Face à cette réponse, "tout le monde était désespéré; je leur ai demandé de nous achever, de nous lancer une bombe pour en finir avec nous...", raconte-t-il.

Si les Français "avaient rempli leur mission humanitaire" et s'"ils étaient restés le 27, environ 1.000 Tutsi n'auraient pas été tués", martèle Eric. "Oui, oui", répète-t-il les yeux humides, secouant la tête.

Les survivants tutsis du massacre de Bisesero, Eric Nzabihimana et Bernard Kayumba, devant la Seine, le 26 juin 2019, à Paris.
Les survivants tutsis du massacre de Bisesero, Eric Nzabihimana et Bernard Kayumba, devant la Seine, le 26 juin 2019, à Paris.

Depuis 2005, Eric, Bernard et quatre autres rescapés, l'association Survie, la Fédération internationale des droits de l'homme (FIDH et LDH) et d'autres parties civiles accusent la force Turquoise d'avoir sciemment abandonné aux génocidaires les Tutsi de Bisesero.

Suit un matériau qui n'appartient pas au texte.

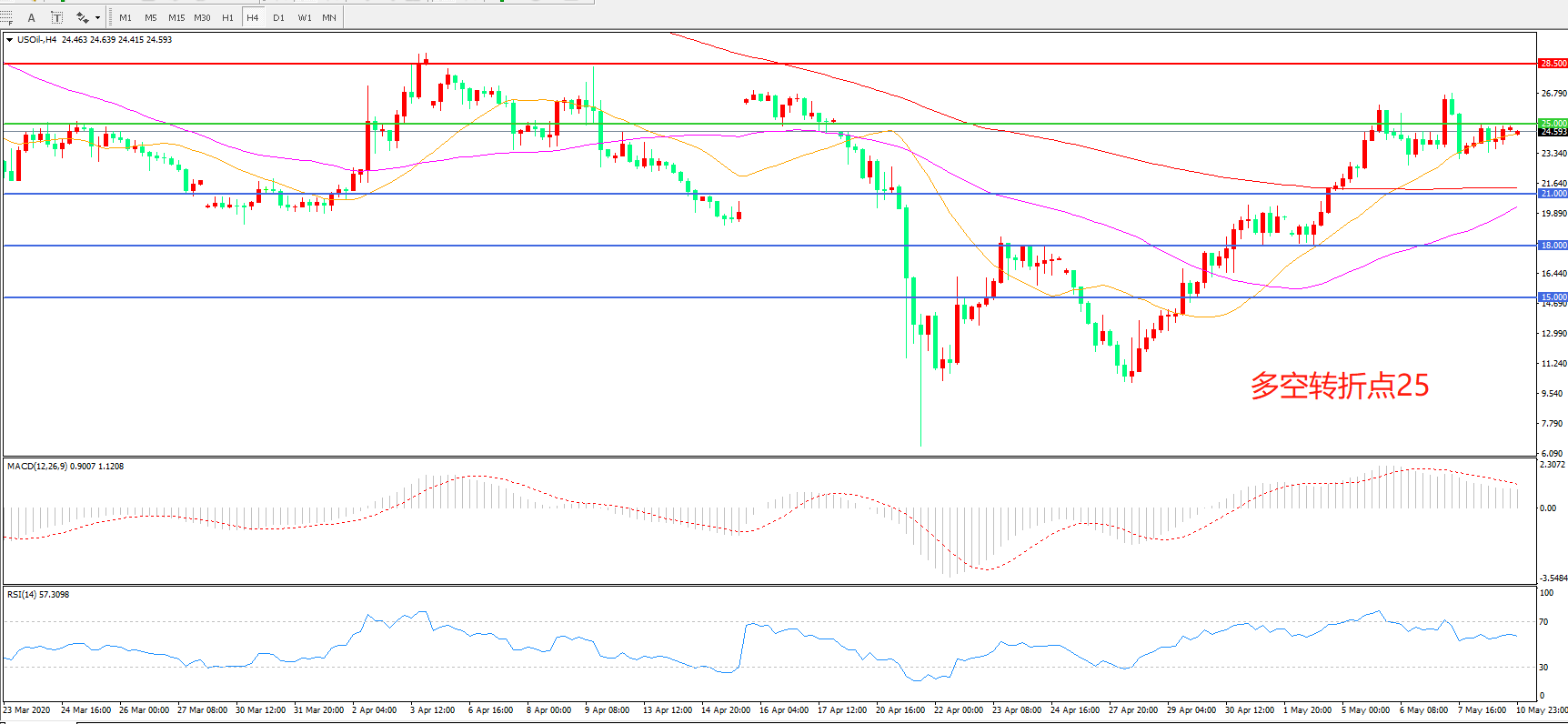4小时图看,油价延续高位震荡,整体走势有所回暖,25美元成为短期阻力,均线系统拐头向上,MACD红柱缩短,RSI指标走平,日内延续上行概率较大。

Les juges français ont clos leurs investigations sans prononcer de mises en examen (inculpations), ouvrant la voie à un non-lieu.

Pour Bernard, "Bisesero reste un scandale français" et "il faut que les militaires français reconnaissent leur échec à sauver les Tutsi à Bisesero".

Mercredi soir, ces rescapés ont symboliquement jeté des poignées de terre de Bisesero dans la Seine à Paris, "là où, entre les différents lieux de pouvoir français, des décisions ont été prises menant à l'inaction des militaires sur place, permettant aux massacres de se poursuivre", a affirmé l'association Survie.